In an era of individualized medicine, genomic signatures to capture the biological nature of the disease together with relevant patient-specific clinical and pathological information will be used to define the optimal therapeutic regimen for each patient. The clinical validation of biomarkers remains challenging given the multitude of marker assessment methods and the possibility that one drug can affect several molecular pathways.

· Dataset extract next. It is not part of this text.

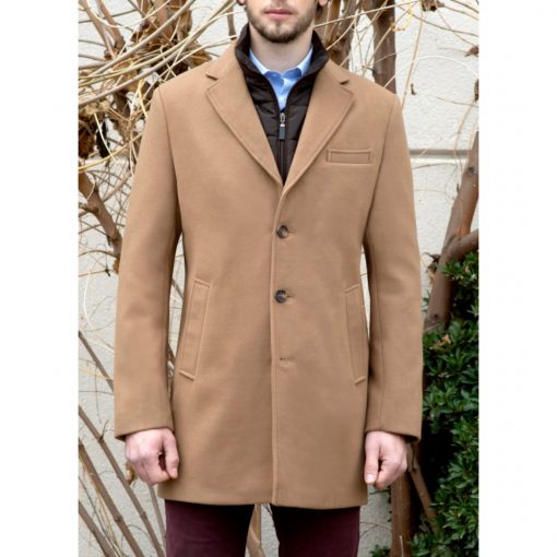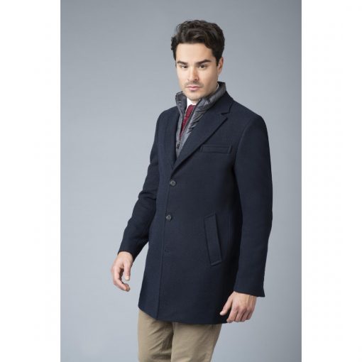 Abrigo de paño con pecherín desmontable. Disponible en azul marino y camel.

Two trials, I-SPY (investigation of serial studies to predict therapeutic response with imaging and molecular analysis) and BATTLE (biomarker-integrated approaches of targeted therapy of lung cancer elimination trial), have attempted to address these issues by using diverse data types, in the case of I-SPY to identify biomarkers that predict the response to therapy, and in the case of BATTLE by randomizing patients to treatment choices on the basis of their multiple biomarker profiles [3739].

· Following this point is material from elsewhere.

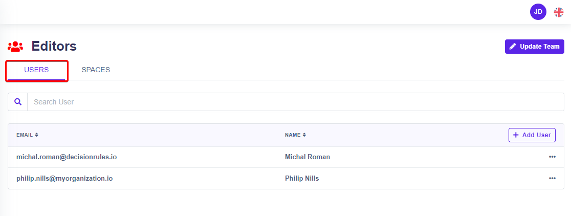 By clicking on button "Add user" you can add user to team.
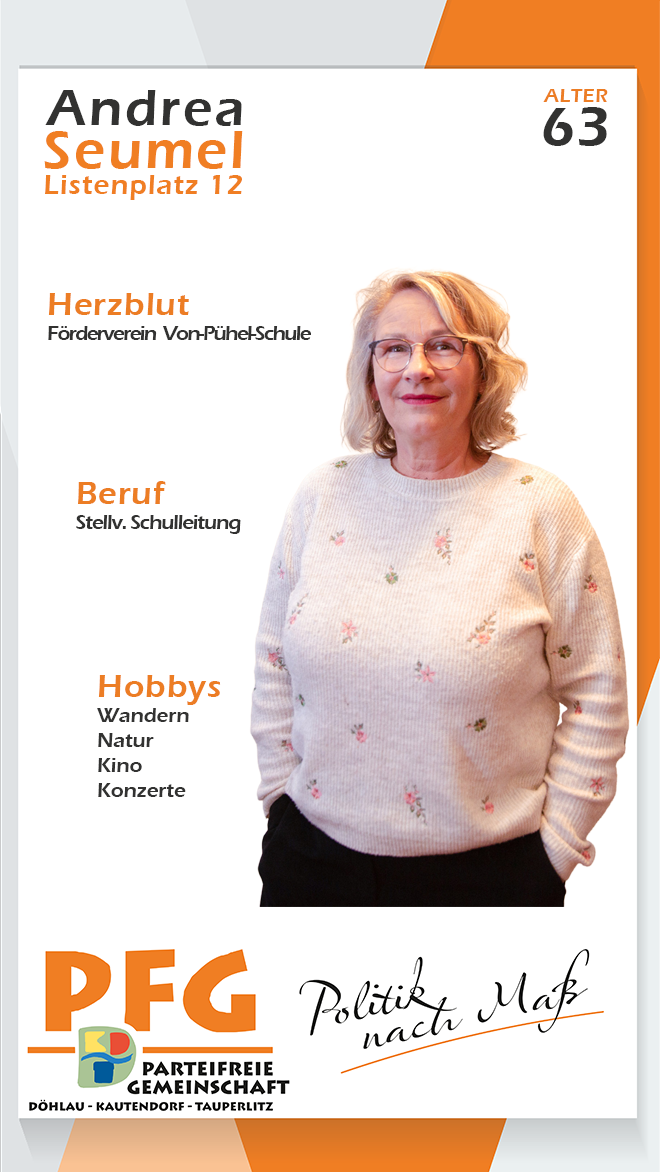Unserer Andrea ist stellvertretende Schulleiterin und bringt nicht nur fachliche Kompetenz, sondern vor allem viel Herzblut mit. Bildung, Gemeinschaft und ein gutes Miteinander liegen ihr besonders am Herzen. In ihrer Freizeit tankt sie Energie beim Wandern in der Natur, genießt Kinobesuche oder lässt sich von Konzerten begeistern. Ein ganz besonderes Anliegen ist ihr der Förderverein der Von-Pühel-Schule in Tauperlitz, für den sie sich mit großem Engagement einsetzt – weil ihr die Zukunft unserer Kinder wichtig ist. Mit ihrer Erfahrung, ihrem Einsatz und ihrer Bodenständigkeit möchte Andrea Seumel aktiv dazu beitragen, unsere Gemeinde weiter positiv mitzugestalten.

The developmental pathway for genomic signatures and biomarker-directed therapies, from discovery to clinical practice, is complex. Two critical issues in the validation of genomic signatures are the choice of the clinical trial design according to the strength of the preliminary evidence, and questions surrounding the biomarker assays, such as the marker assessment methods, feasibility of obtaining the specimens, the reliability and reproducibility of the assay, and additional cost involved with assessing the marker status of every patient. Although genomic signatures theoretically provide an integrated approach to guide treatment selection and inform patient management, careful consideration of the issues outlined here are needed to determine the clinical utility of such biomarkers.



human epidermal growth factor receptor 2


randomized controlled trial.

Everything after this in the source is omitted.